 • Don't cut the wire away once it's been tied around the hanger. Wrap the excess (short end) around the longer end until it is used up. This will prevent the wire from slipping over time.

══════

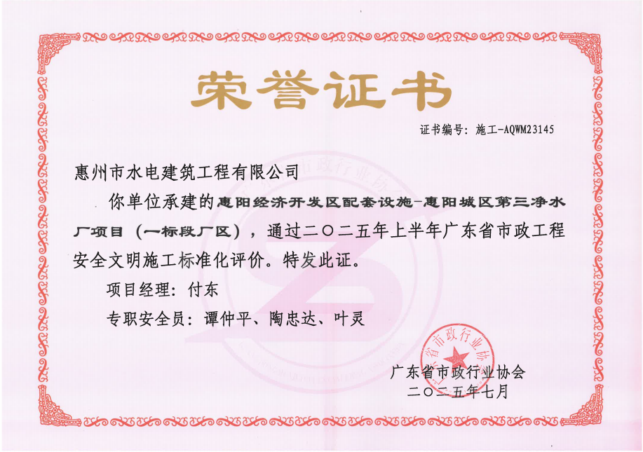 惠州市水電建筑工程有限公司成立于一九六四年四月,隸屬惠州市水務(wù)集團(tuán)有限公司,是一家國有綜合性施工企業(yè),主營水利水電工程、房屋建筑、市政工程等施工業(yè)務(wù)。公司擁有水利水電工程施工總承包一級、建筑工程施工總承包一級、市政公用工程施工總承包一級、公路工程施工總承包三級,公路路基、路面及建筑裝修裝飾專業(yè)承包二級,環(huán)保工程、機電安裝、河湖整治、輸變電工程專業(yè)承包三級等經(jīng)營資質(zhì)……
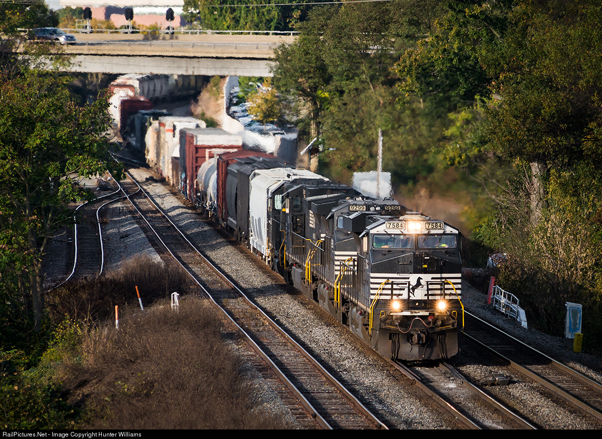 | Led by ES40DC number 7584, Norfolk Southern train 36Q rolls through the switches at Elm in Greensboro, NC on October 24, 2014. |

══════

**Directions for this task:**
Beginning with the line that contains "惠州市水電建筑工程有限公司成", write out the lines of the material above exactly, and end with the line that contains "24, 2014. |". Omit the pictures.

**Answer space:**
 惠州市水電建筑工程有限公司成立于一九六四年四月,隸屬惠州市水務(wù)集團(tuán)有限公司,是一家國有綜合性施工企業(yè),主營水利水電工程、房屋建筑、市政工程等施工業(yè)務(wù)。公司擁有水利水電工程施工總承包一級、建筑工程施工總承包一級、市政公用工程施工總承包一級、公路工程施工總承包三級,公路路基、路面及建筑裝修裝飾專業(yè)承包二級,環(huán)保工程、機電安裝、河湖整治、輸變電工程專業(yè)承包三級等經(jīng)營資質(zhì)……
 | Led by ES40DC number 7584, Norfolk Southern train 36Q rolls through the switches at Elm in Greensboro, NC on October 24, 2014. |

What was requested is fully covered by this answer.